A partial explanation for this observation could be the time degradation of the adhesion between silver oxide layers of the electrodes of type B3 in the electrolyte, which increases the effective impedance of the electrodes in the electrolyte, leading to an increase in its corresponding noise level.

One of the reasons for temporal degradation of the adhesion between silver oxide layers could be the fact that the three layers of deposited silver are not exactly similar to each other: the first silver oxide layer is heated in the furnace three times while the second layer is exposed to heat twice, and the third layer is exposed to heat only once. Therefore, the disparity between different layers would be one of the most probable reasons for adhesion degradation between layers.
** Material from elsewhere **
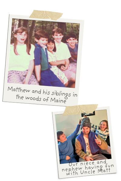 Matthew is the oldest of six, including the youngest two who came to his family through adoption. He grew up in New England, not far from Boston. He spent the first 15 years of his professional life coaching youth sports, which was most impactful because of the many young people he had the opportunity to mentor and support. In 2016, he went back to school to pursue a graduate degree to become a therapist and now he works with student-athletes at the college level. Both as a coach and, now, as a therapist he has devoted himself to helping other people’s children and cannot wait to have the chance to be a father himself. Matthew loves to spend time outside, wandering through the mountains on a hike or mountain bike ride. Growing up in New England gave him a love for all four seasons, especially winter, and skiing is one of his favorite things. He also appreciates the analog way of life and enjoys listening to vinyl records and cassette tapes as well as reading newspapers, magazines, and novels. Sports have always been a family pastime, thanks to his dad, and he loves catching a game as often as possible.

Another perception from figure 7 is that the noise level at 1 Hz, immediately after insertion, for type B3 is less than the corresponding noise level for B1, which is due to thicker layer of porous silver chloride in B3 compared to B1. This observation is verified by Electrochemical Impedance Spectroscopy (EIS) measurement (Autolab PGSTAT302N) comparing the impedance of electrodes type B1 and B3, conducted immediately after inserting them in electrolyte, which their corresponding results are shown as Bode plots and Nyquist diagrams in figure 8. As shown in figure 8(a), the real part of impedance of electrode type B3 is lower than that of electrode type B1, which is in harmony with the DC offset in noise spectrum density (figure 7, B1 immediately and B3 immediately).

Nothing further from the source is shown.